For Vulture, Max Pearl profiles Mexican novelist Fernanda Melchor, the author most recently of Paradais. Melchor first explored the themes she writes about while in journalism school, and her fiction is often compared to noir and true-crime. “I’m a story collector,” she tells Pearl. “A lot of what I do is go to Veracruz and listen to what people are saying. There are a million things worth writing just based on that.” For more on Paradais, read Angelo Hernandez-Sias’s recent Bookforum review

Following the leak of a Supreme Court draft opinion written by Justice Samuel Alito that repudiates Roe v. Wade, The Cut has put together a list of abortion funds to support in states where abortion access will be most vulnerable if the 1973 decision is overturned. The National Network of Abortion Funds also has a donation portal where you can make and split donations to eighty-three different funds that help people access and afford abortions. LitHub has shared an extensive public document circulating on Twitter that collects resources relevant to all fifty states. 

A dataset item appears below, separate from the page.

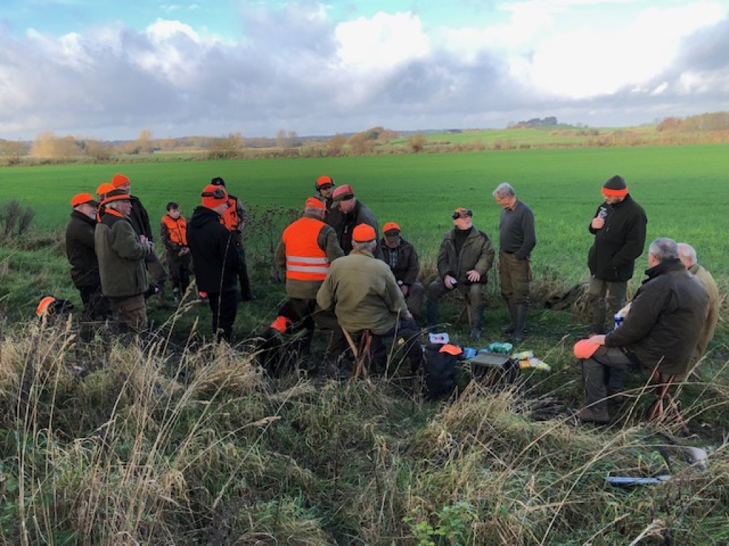 Vi deltes derefter i 2 hold, hvor det ene under ledelse af Peter drev det lange markstykke af op til og med remisen og derefter den anden anden halvel ned til skoven igen.

At the New York Times, Dustin Illingworth reviews Gerald Murnane’s biblio-memoir Last Letter to a Reader. In it, Murnane reflects on his own novels: “Perhaps his most meaningful disclosure is that of the ‘pattern’—a word that appears several times in the book’s 140 pages—which might be described as Murnane’s ultimate formalist project, one fueled by the powerfully visual component of his writing.”

Inspired by Annie Ernaux’s 1988 diaries, the Paris Review is publishing excerpts from their contributors’ diaries online. Elisa Gonzalez’s entry is up now: “I thought, No one in the world knows where I am. Why do I always return to that thought as a source of, if not happiness, then pleasure?”